▶ **Supplied information**:
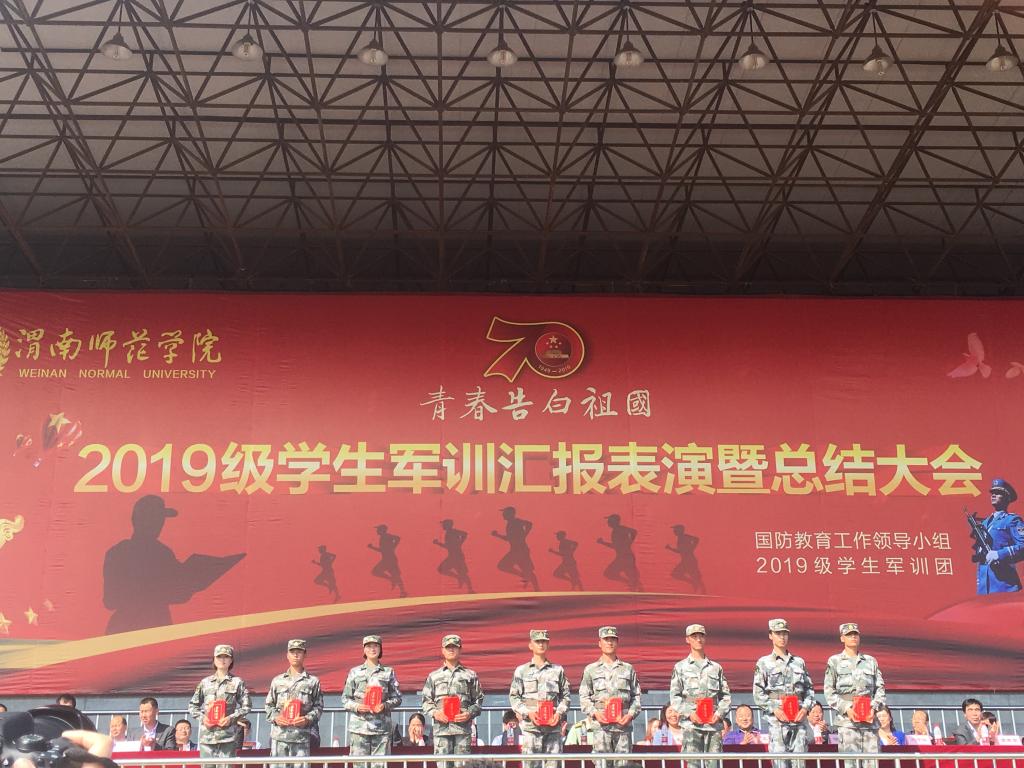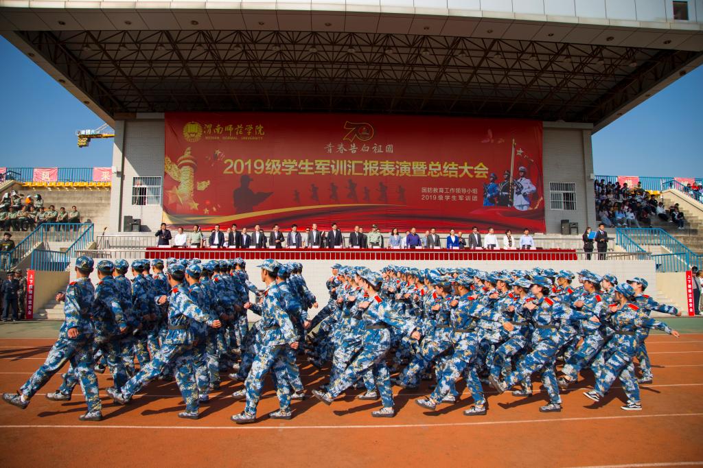 在军训团副团长荆立哲的统一指挥下,受训新生们分别进行了格斗术和“活字”方阵表演。首先,紧锣密鼓中,四千余名学子们迅速由方阵变换为格斗术阵型,在教官的统一指令下,学子们动作标准,喊声震天,气势磅礴,一气呵成。精彩的表演赢来了主席台和观众的阵阵掌声。随后,方阵变换为正方形,学子们摆出“渭师”“1949”“2019”“70”“中国”等造型并高呼“渭南师院、不忘初心、牢记使命、教书育人、报效祖国”。最后,四千余名参训新生共同高歌《我爱你,中国》,将汇报表演推向高潮。表演展现出蓬勃昂扬的精神面貌和英勇顽强的战斗作风,赢得了参会领导和师生的阵阵热烈掌声,展示了15天的军事训练成果。
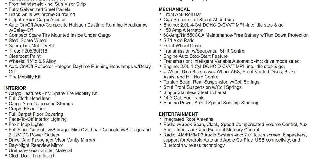 Radio: AM/FM/MP3 Audio System -inc: 7.0" touch screen, 6 speakers, support for Android Auto and Apple CarPlay, USB connectivity, and Bluetooth wireless technology, Blind Spot Collision Warning w/Lane Change Assist (LCA) Blind Spot, Forward Collision-Avoidance Assist (fca), Rear Cross-Traffic Collision Avoidance-Assist (RCCA), Collision Mitigation-Front, Driver Monitoring-Alert, Back-Up Camera
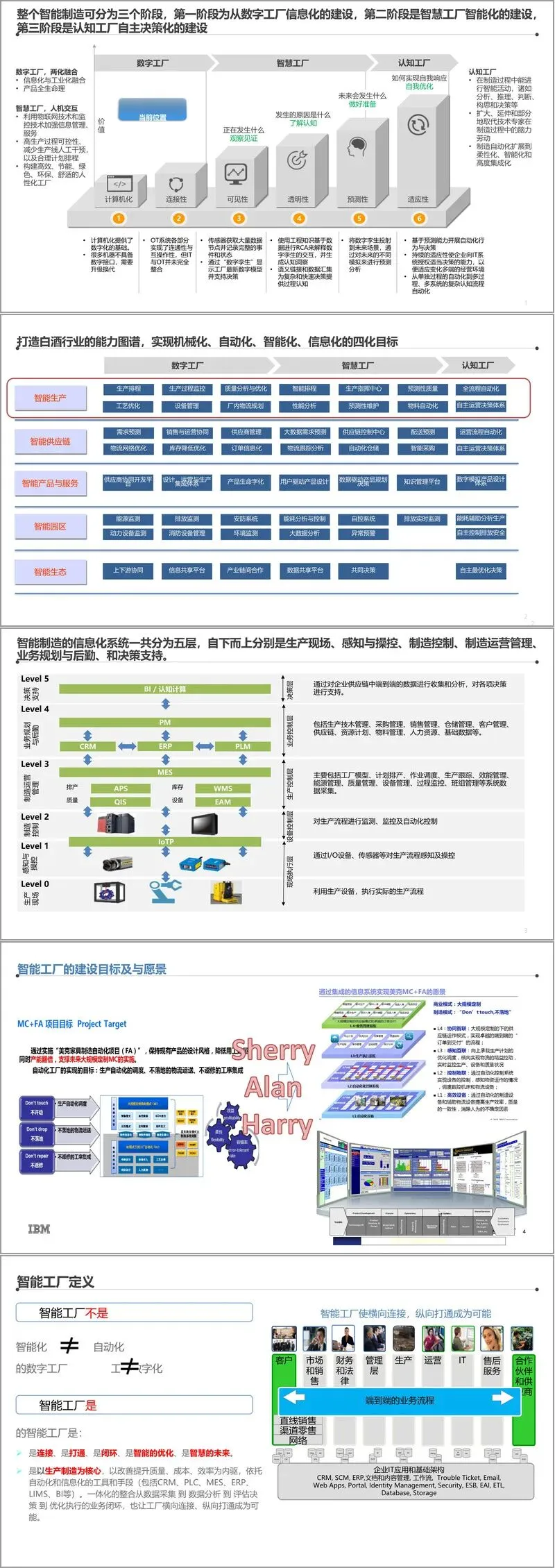 咨询工作的核心是进行顶层架构设计,其蓝图规划遵循智能制造的国际先进理念。规划将智能工厂建设分为三个渐进阶段:数字工厂(信息化与工业化融合)、智慧工厂(人机交互、高度集成化)和认知工厂(自主决策、自我优化)。整个架构被划分为六个层级:Level 0生产现场、Level 1感知与操控、Level 2制造控制、Level 3制造运营管理(MES等)、Level 4业务规划与后勤(ERP等)、Level 5决策支持(BI/认知计算)。该架构旨在实现两大集成:纵向打通从设备层到决策层的所有信息流,横向集成从客户需求到研发、计划、采购、生产、物流、销售、服务的端到端价值链。

▶ **Work item**:
Locate "Radio: AM/FM/MP3 Audio" in the listing above, then print exactly the lines from that line through the final one, omitting all pictures.

▶ **Task answer**:
 Radio: AM/FM/MP3 Audio System -inc: 7.0" touch screen, 6 speakers, support for Android Auto and Apple CarPlay, USB connectivity, and Bluetooth wireless technology, Blind Spot Collision Warning w/Lane Change Assist (LCA) Blind Spot, Forward Collision-Avoidance Assist (fca), Rear Cross-Traffic Collision Avoidance-Assist (RCCA), Collision Mitigation-Front, Driver Monitoring-Alert, Back-Up Camera
 咨询工作的核心是进行顶层架构设计,其蓝图规划遵循智能制造的国际先进理念。规划将智能工厂建设分为三个渐进阶段:数字工厂(信息化与工业化融合)、智慧工厂(人机交互、高度集成化)和认知工厂(自主决策、自我优化)。整个架构被划分为六个层级:Level 0生产现场、Level 1感知与操控、Level 2制造控制、Level 3制造运营管理(MES等)、Level 4业务规划与后勤(ERP等)、Level 5决策支持(BI/认知计算)。该架构旨在实现两大集成:纵向打通从设备层到决策层的所有信息流,横向集成从客户需求到研发、计划、采购、生产、物流、销售、服务的端到端价值链。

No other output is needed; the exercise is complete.